Spoon a bit of the remaining sauce in the bottom of a 3-quart (3-L) baking dish, then add ⅓ of the pasta. Spoon a little sauce on top, then dollop with ricotta and dot with mozzarella. Grate parmesan on top. Add another ⅓ of the pasta, followed by more sauce, more ricotta, mozzarella and parmesan. Add the rest of the pasta, more sauce, the rest of the ricotta, mozzarella, another good grating of parm and some pepper (there’s a good chance you’ll have some pasta sauce left over– refrigerate or freeze for another time).
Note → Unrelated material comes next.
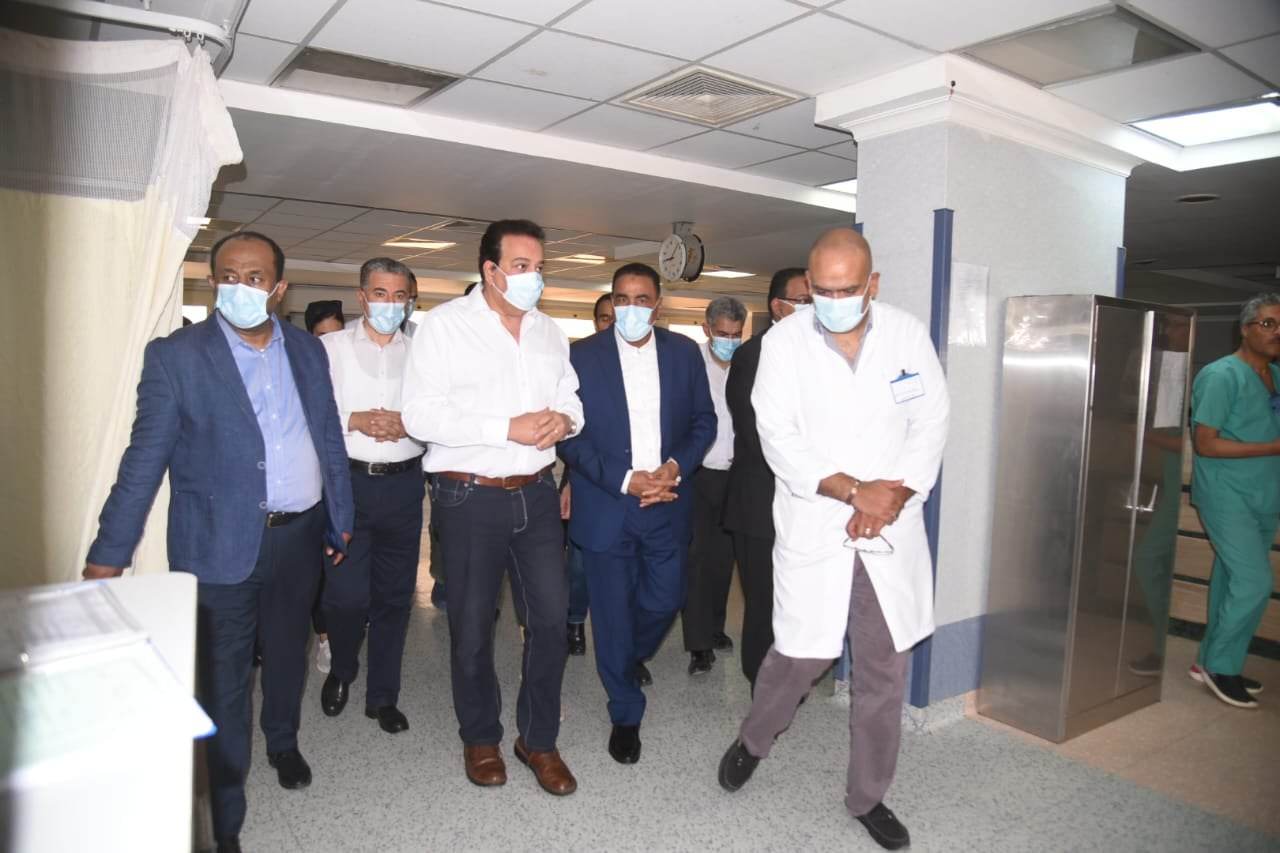 وتفقد الوزير خلال جولته بالمستشفى عدد من الأقسام العلاجية كالعناية والحضانات والقلب، والغسيل الكلوي بعدد ٢٢ سرير ،والأسنان والأشعة المقطعية وغيرها مع الاطمئنان على حالة الصحية لعدد من المرضى بالمستشفى.

Place the baking dish on a foil-lined sheet pan and loosely cover the baking dish with foil. Place in the oven and bake for about 20 minutes before removing the foil and continuing to bake until it’s nicely browned and bubbling, another 20-ish minutes. Let cool at least 5 minutes or so before eating– it will stay very hot for a while, so don’t worry. Serves 6-8. The sauce can be made 5 days ahead, refrigerated and can be frozen for up to two months. The baked pasta can be assembled and baked several days ahead, kept wrapped and refrigerated. To reheat from cold, simply bake per the instructions above. It can also be assembled and frozen up to two months ahead– to reheat from frozen, keep wrapped in foil and bake at 325°F (162°C) until totally defrosted and bubbly (60-ish minutes), remove foil, increase temperature to 425°F (218°C) and bake until golden brown, 20 minutes or so.